| What you need to do |
The answer is to be the lines below that lie between the line holding "アイラインシルエットのスカートと合わせて、大人っぽく合わせるのがオススメ☺︎" and the line holding "Technical and Analytical", inclusive, transcribed exactly and free of pictures.

| Information provided |
= = =
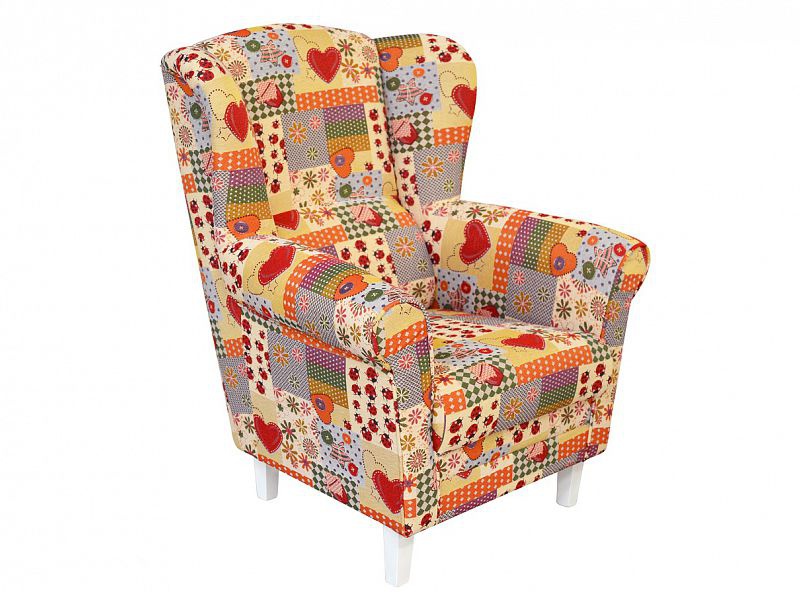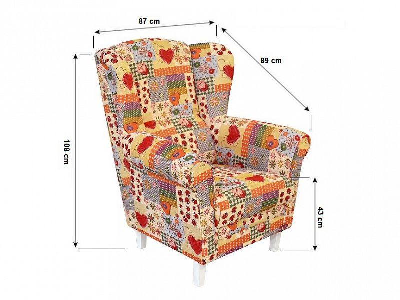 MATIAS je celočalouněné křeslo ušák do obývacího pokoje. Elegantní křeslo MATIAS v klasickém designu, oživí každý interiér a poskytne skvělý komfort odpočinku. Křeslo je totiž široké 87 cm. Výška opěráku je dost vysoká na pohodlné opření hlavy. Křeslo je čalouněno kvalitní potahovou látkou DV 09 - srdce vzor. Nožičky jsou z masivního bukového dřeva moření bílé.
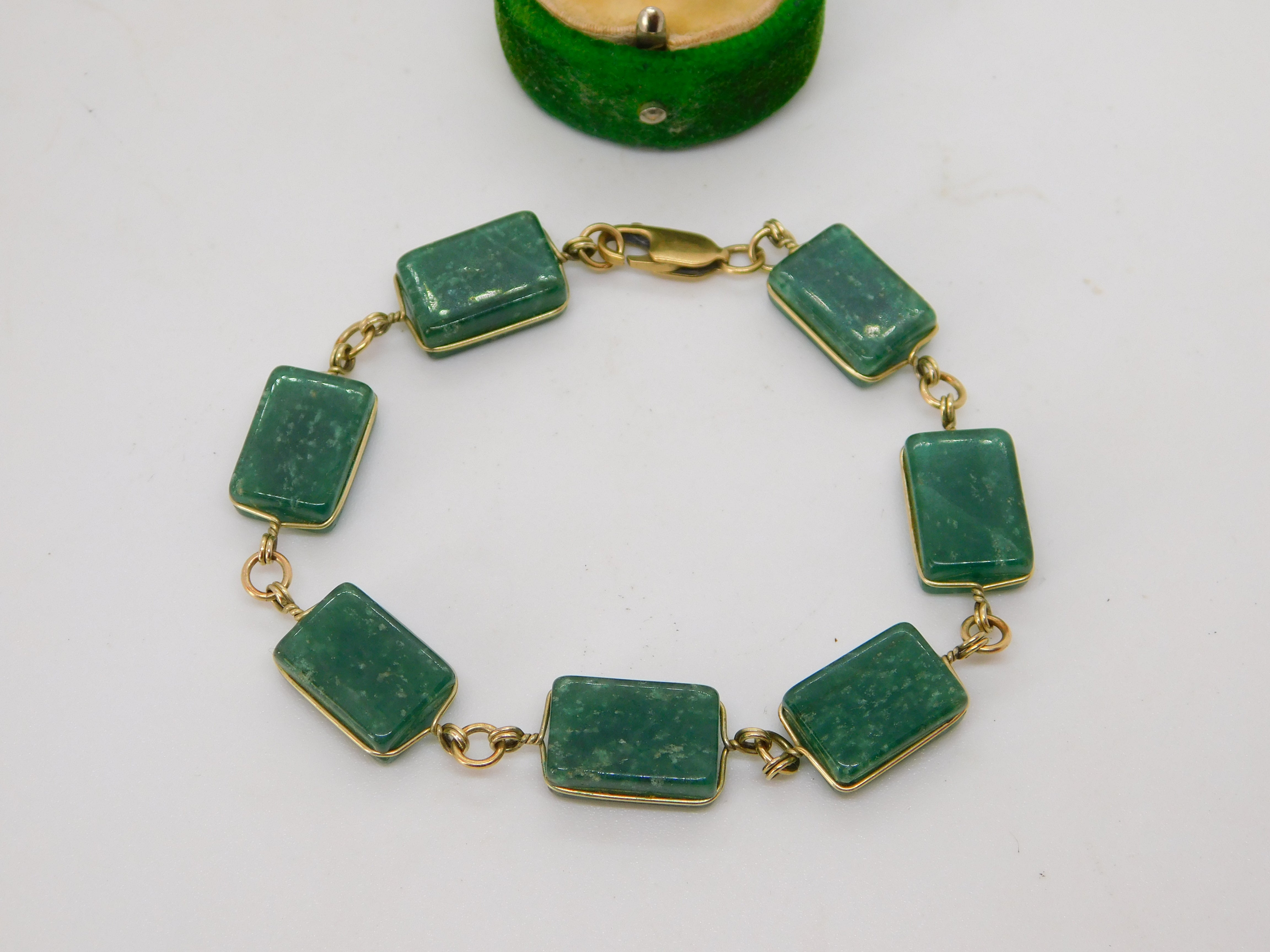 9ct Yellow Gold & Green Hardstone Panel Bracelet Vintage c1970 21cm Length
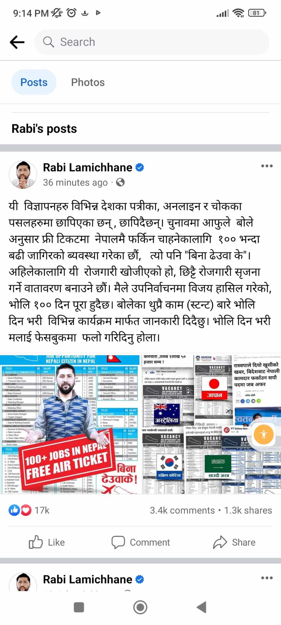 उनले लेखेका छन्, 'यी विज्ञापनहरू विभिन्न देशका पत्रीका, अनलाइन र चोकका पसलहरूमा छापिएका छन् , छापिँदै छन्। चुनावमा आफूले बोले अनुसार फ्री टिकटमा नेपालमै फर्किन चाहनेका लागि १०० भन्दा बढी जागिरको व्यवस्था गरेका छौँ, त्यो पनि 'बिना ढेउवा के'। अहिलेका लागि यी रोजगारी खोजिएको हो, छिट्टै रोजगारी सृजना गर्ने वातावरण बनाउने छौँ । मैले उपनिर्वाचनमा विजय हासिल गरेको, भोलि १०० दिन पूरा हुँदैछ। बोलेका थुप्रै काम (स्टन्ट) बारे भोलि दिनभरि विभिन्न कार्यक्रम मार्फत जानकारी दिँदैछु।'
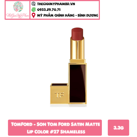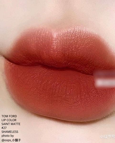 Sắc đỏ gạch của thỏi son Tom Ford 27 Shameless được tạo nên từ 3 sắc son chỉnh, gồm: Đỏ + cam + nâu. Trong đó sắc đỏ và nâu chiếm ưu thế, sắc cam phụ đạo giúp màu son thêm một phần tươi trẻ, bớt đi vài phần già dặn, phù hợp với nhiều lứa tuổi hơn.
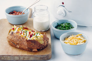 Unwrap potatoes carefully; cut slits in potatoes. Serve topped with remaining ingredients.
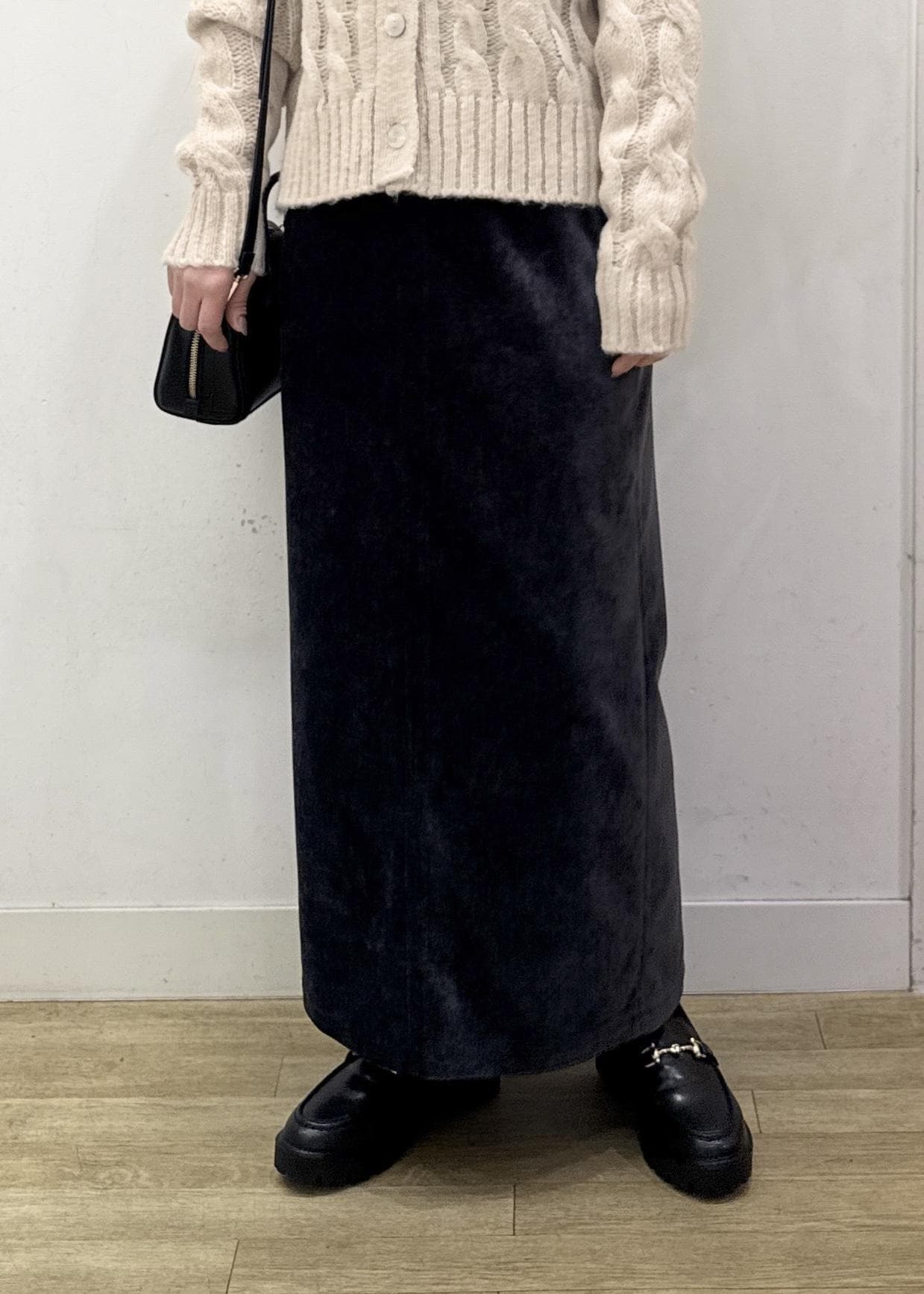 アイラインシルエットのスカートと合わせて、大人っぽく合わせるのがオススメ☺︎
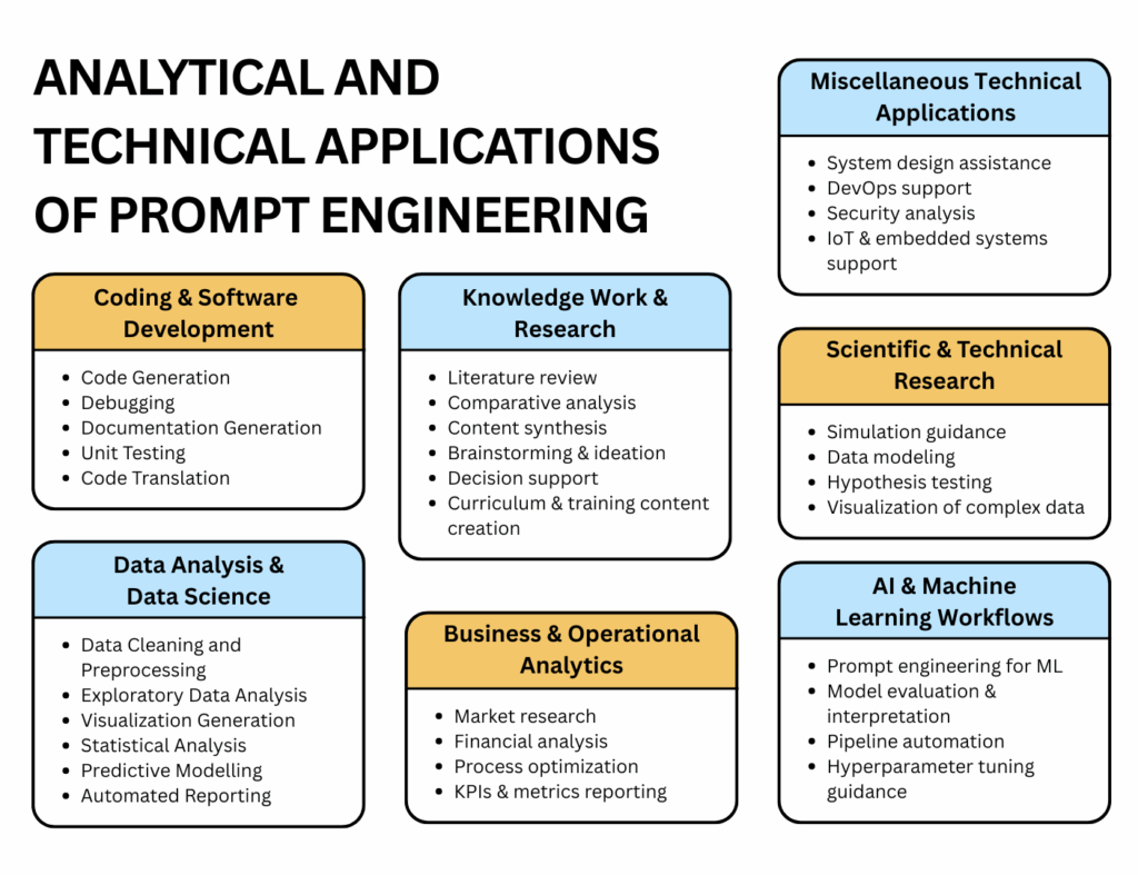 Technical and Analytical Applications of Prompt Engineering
= = =
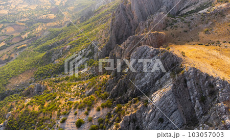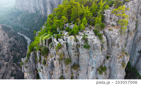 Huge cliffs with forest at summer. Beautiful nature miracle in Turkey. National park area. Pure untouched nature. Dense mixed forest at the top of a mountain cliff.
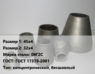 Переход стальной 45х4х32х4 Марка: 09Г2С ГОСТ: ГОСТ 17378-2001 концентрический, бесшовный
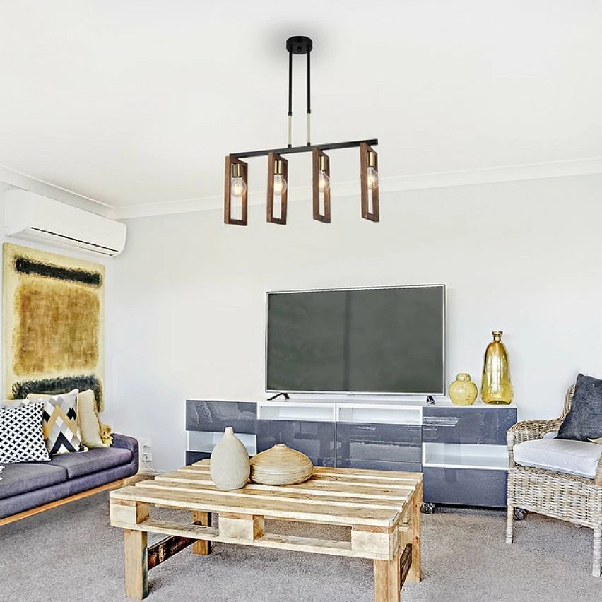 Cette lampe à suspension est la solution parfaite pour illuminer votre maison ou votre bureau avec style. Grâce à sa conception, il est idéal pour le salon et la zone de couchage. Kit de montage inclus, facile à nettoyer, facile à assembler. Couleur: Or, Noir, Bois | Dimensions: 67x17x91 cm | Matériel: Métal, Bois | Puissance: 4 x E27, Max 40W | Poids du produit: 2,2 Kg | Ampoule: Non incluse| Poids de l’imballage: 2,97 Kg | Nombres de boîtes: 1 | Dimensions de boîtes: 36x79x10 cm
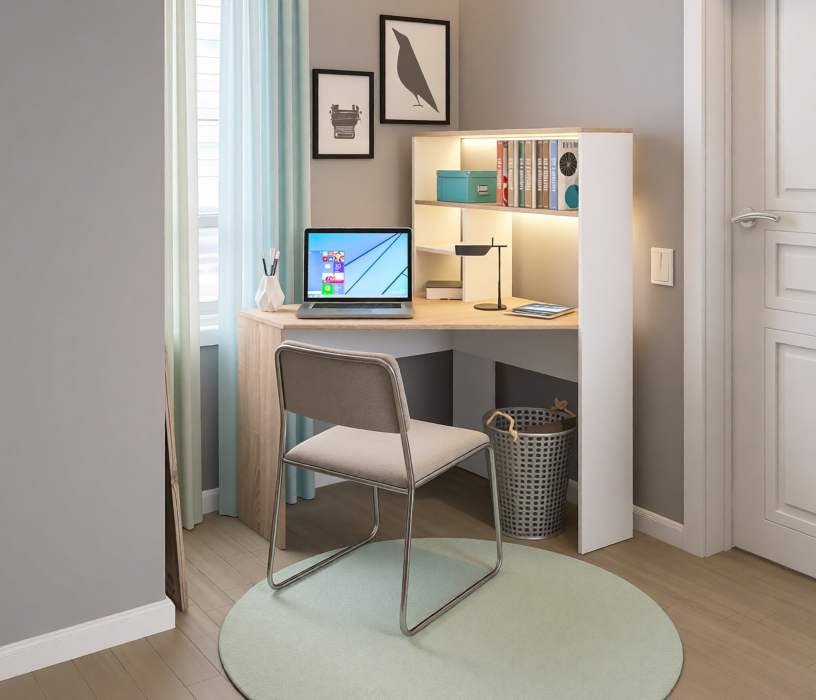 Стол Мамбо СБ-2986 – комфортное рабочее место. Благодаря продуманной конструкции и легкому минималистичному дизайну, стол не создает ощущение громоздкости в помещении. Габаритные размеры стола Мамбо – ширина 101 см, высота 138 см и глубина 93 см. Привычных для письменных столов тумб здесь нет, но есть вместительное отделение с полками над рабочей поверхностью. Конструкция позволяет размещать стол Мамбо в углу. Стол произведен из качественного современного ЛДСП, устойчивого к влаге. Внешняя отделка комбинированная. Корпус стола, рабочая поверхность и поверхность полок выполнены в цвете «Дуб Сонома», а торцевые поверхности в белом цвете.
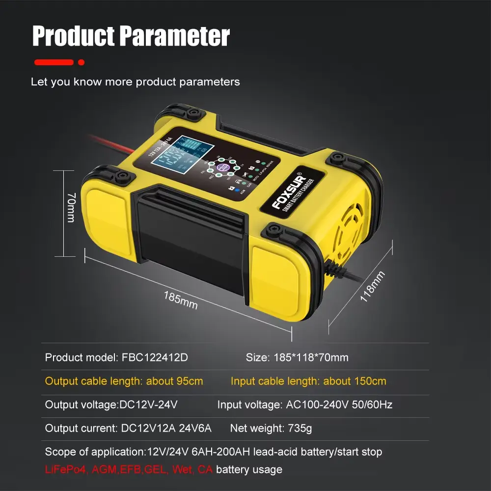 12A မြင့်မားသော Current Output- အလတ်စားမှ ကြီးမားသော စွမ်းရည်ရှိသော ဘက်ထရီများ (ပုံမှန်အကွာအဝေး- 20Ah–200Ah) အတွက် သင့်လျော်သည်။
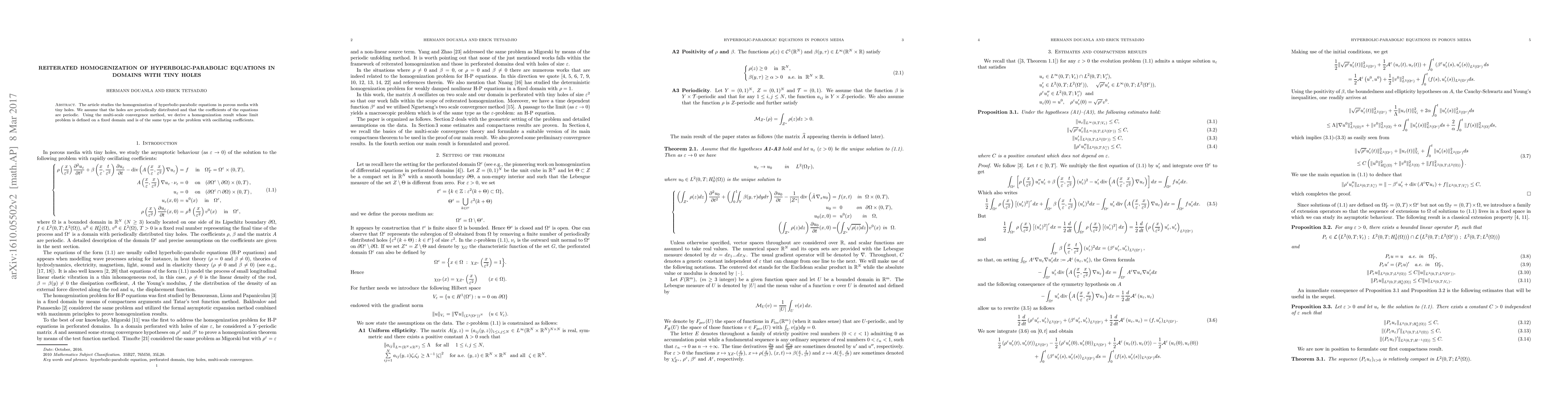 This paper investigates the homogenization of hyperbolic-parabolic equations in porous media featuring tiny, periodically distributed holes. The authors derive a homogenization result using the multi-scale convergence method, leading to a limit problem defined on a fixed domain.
= = =
| Output of the exercise |
 アイラインシルエットのスカートと合わせて、大人っぽく合わせるのがオススメ☺︎
 Technical and Analytical Applications of Prompt Engineering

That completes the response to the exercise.